Name	Default value	Description
error text	failed, error	Defines which strings (errors) the Check must look for. Values must be separated with commas (,).
error text allowed	Log\ERRORLOG, informational message only,log has been reinitialized, 0 errors	Specifies the text strings which make errors (specified by the “error text” parameter) to be excluded when found in the same record (error log line).
history threshold	1000	The maximum numbers of error messages the history table will keep (error_log_err_histr_tab table).
last run		The last time the error log has been checked.
max lines per execution	5000	The maximum number of lines the Alert will read during execution before a warning/alarm is raised.
return status	0	Return status value (ALARM – 2, WARNING – 1, or OK – 0) when “error text” is found (or “max lines per execution” is reached.
max elap time	180	The maximum execution time (in seconds) for the Alert. If this threshold is reached a warning is raised.

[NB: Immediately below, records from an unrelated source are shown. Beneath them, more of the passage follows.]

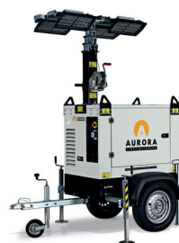
LIGHTING TOWERS WITH ENGINE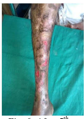
Fig. 6: After 5<sup>th</sup> Week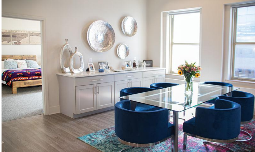
Art Deco Lofts & Apartments Building – Residential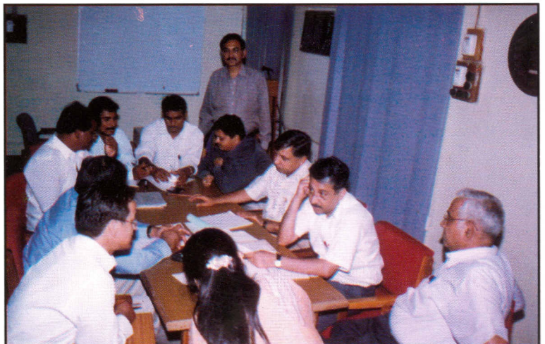
Technical Committee of MARC-21 implementation in discussion at INFIBNET Centre, Ahmedabad.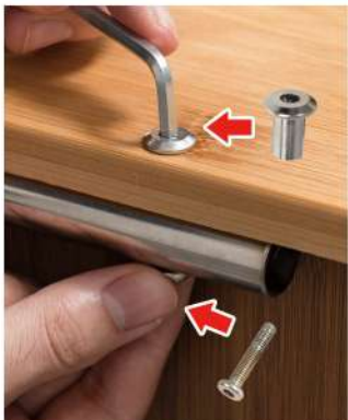
16. Mounting bracket and cabinet with round screw combination

Purpose: The purpose of this job is to monitor, extract, and analyze error log entries from Microsoft SQL Server instances on AWS.
Why: Monitoring error logs is crucial for maintaining the uptime and availability of databases by quickly identifying and responding to issues. This job specifically targets error log analysis in SQL Server instances hosted on AWS to ensure that any emerging issues are promptly addressed, thus mitigating potential impacts on database availability and performance.
Manual checking: You can check the error logs manually in the database using the following SQL command:

EXEC rdsadmin.dbo.rds_read_error_log 0, 1;

This dbWatch job utilizes the AWS RDS specific stored procedure ‘rdsadmin.dbo.rds_read_error_log’ to read the SQL Server error logs. It filters logs based on text strings defined as errors and excludes those defined as non-errors based on other parameterized text strings.
The job includes various key configurations like history threshold to maintain the size of error history, the maximum number of lines the job should read per execution, and a timing threshold to ensure prompt execution, thereby preventing long-running job executions.

The job is configured to check instances of SQL Server (version greater than 2005) hosted on AWS with specific properties like being an instance having an engine with permission levels appropriate for reading the error logs.
It runs automatically at a default schedule of every 20 minutes (6, 26, 46 minutes past each hour).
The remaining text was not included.